I could have extended the line deep into Gippsland, to the Tambo River and the network of lakes that it feeds, but I wanted it to end at Wilsons Prom; I’d been driving for three days and during that time Gippsland had experienced more rain than it usually does during the whole of July. Besides, this part of Victoria has a history for my family of producing things we didn’t know we were looking for.

In The White Woman,5 an expedition sets out to search for something that may or may not exist – a survivor of a European shipwreck allegedly taken captive by the local Indigenous people. As the expedition rounds the Promontory you start to realise that it’s an expedition fuelled by hope and fear rather than fact. It was something I could relate to.
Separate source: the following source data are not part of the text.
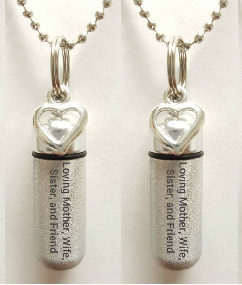 Set of Two ENGRAVED Brushed Silver CREMATION URN Necklaces "Loving Mother Wife Sister and Friend - w/Open Hearts, Velvet Pouches & Fill-Kit
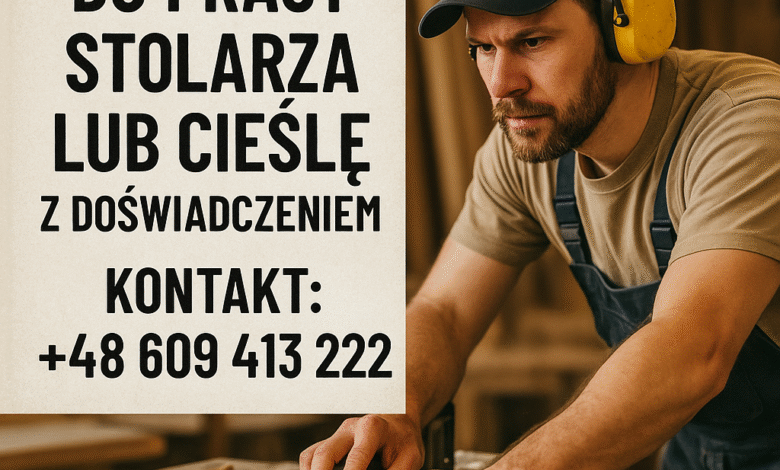 Zatrudnię do pracy stolarza lub cieślę z doświadczeniem. Praca w Bochni. Kontakt: +48 609413222
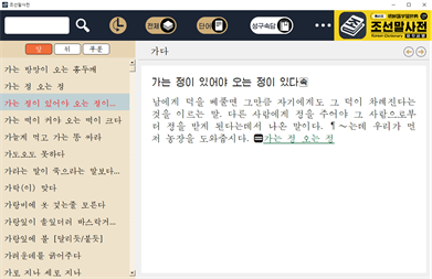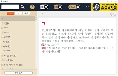 6. 편리하고 빠른 검색, 《링크》기능 - 검색방향 《앞 / 뒤 / 부분》, 검색범위 《전체 / 단어 / 성구속담》 설정 - 동의어, 류의어, 반의어 등의 련관어정보는 《링크》로 해당 올림말에 안내 - 올림말을 종이사전을 펴보듯이 찾을수 있게 자모음별로 올림말목록을 표시

I drove into Wilsons Prom with tears on my face. The dawn sun threw a warm glow on the tea tree lining the road, while a pair of kangaroos stopped to look at the passing car. It had been years since I was last here but it remained my favourite part of Victoria. Nowhere seemed more fitting for my father’s line to end, for it was here that my parents were first in the same place – Mum, a teenage hitchhiker, and Dad, a young surfer driving through the Prom with his best mate.

‘I like the one with the hat…’ he said.

  1. Liam Davison, Soundings (University of Queensland Press: St Lucia 1993). 
  2. Liam Davison, “Neary’s Horse”, in Collected Stories (University of Queensland Press: St Lucia 1999). 
  3. Liam Davison, The Velodrome (Allen & Unwin: Sydney 1988). 
  4. Liam Davison, “Motel Morning Star”, in Collected Stories (University of Queensland Press: St Lucia 1999). 
  5. Liam Davison, The White Woman (University of Queensland Press: St Lucia 1994).